Events of such magnitude and significance are rare, but a multitude of other factors that can move commodity prices weigh in daily. OPEC still maintains production quotas for its members. Policies of non-OPEC countries often determine export volumes. Wars, insurrections and labor strikes throughout the world interrupt orderly supply deliveries. At times, hurricanes, floods and other weather related events require that wells be shut in. Seasonal weather patterns do not always follow predicted forecasts, causing temporary misallocations of production and product deliveries. In the U.S., federal, state and local politics, public demonstrations and anti-development movements, environmental regulations, tax policies, and a myriad of other issues add cost, uncertainty and delays to planned activities. Each of these factors may cause temporary difficulties, but are generally considered more as annoyances than major issues.
The most recent revolutionary and structural industry game changer has occurred not only as a result of increases in oil and natural gas prices, but by advances in petroleum technologies.
Hydrocarbons can now be produced from shale rocks that contain a high percentage of organic matter that were previously considered too “tight” to produce the oil and natural gas they contain. The combined application of horizontal drilling within a shale layer and hydraulic fracturing (“fracing”) has opened large new areas of the U.S. and elsewhere to petroleum production. The result has been that estimates of the world’s producible reserves of oil and natural gas are being increased substantially, making the benefits of abundant energy supplies available to millions of additional people.
For Five States, the opportunities to support and finance activities and construction projects in these new areas are increasing. The number and size of projects that are being submitted to Five States for review and analysis are increasing, and the quality of projects is improving. As individuals and companies expand their drilling and development commitments they may need additional equity and mezzanine capital, consulting expertise, or a financial partner. Five States has the reputation, funds, experience and personnel to provide help in these situations.
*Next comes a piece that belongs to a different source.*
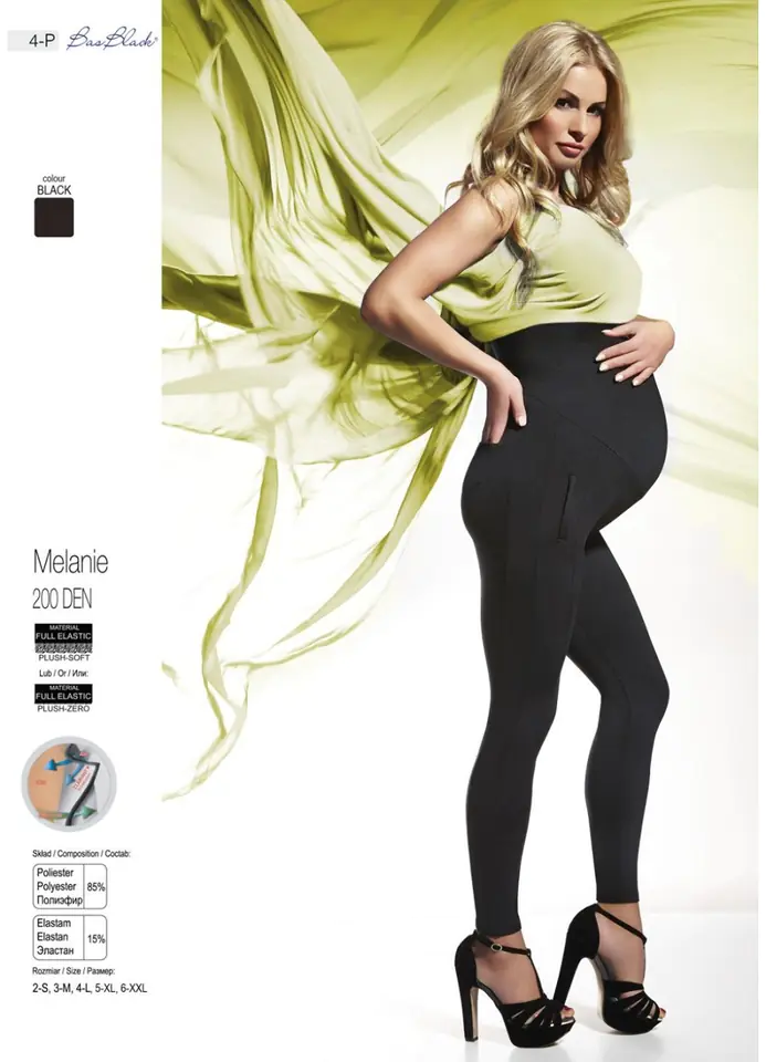 Legginsy ciążowe z wyższym stanem, z elastycznej dzianiny.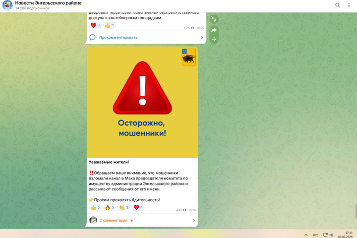 «Уважаемые жители! Обращаем внимание, что мошенники взломали канал в Махе председателя комитета по имуществу администрации Энгельсского района и рассылают сообщения от его имени. Просим проявлять бдительность!» — говорится в официальном сообщении.

Currently we are processing data on almost a dozen submittals, with a prospective total commitment of $180 million. Typically, only one or two of these are likely to be approved, but others are being received almost daily. Five States’ financing activities are focused in three areas: infill drilling and lease enhancements of existing properties; infrastructure construction of pipelines, compression facilities and stripping plants; and acquisitions of producing property interests.
In the past two years, we financed a company that owns and operates workover rigs, provided millions of dollars of credit facilities to companies to acquire and develop producing properties and establish water floods, invested with a consortium of industry partners to build a pipeline, loading facilities and a rail line to move oil out of North Dakota to a contracted purchaser, and acquired producing properties for our Fund 1 investors. In all cases, our focus remains the same: to acquire high quality producing interests and related infrastructure that will generate attractive income.
We anticipate having the remaining committed funds of Fund 1 invested by year-end or early in 2013. We now are planning to open Fund 2 in early 2013.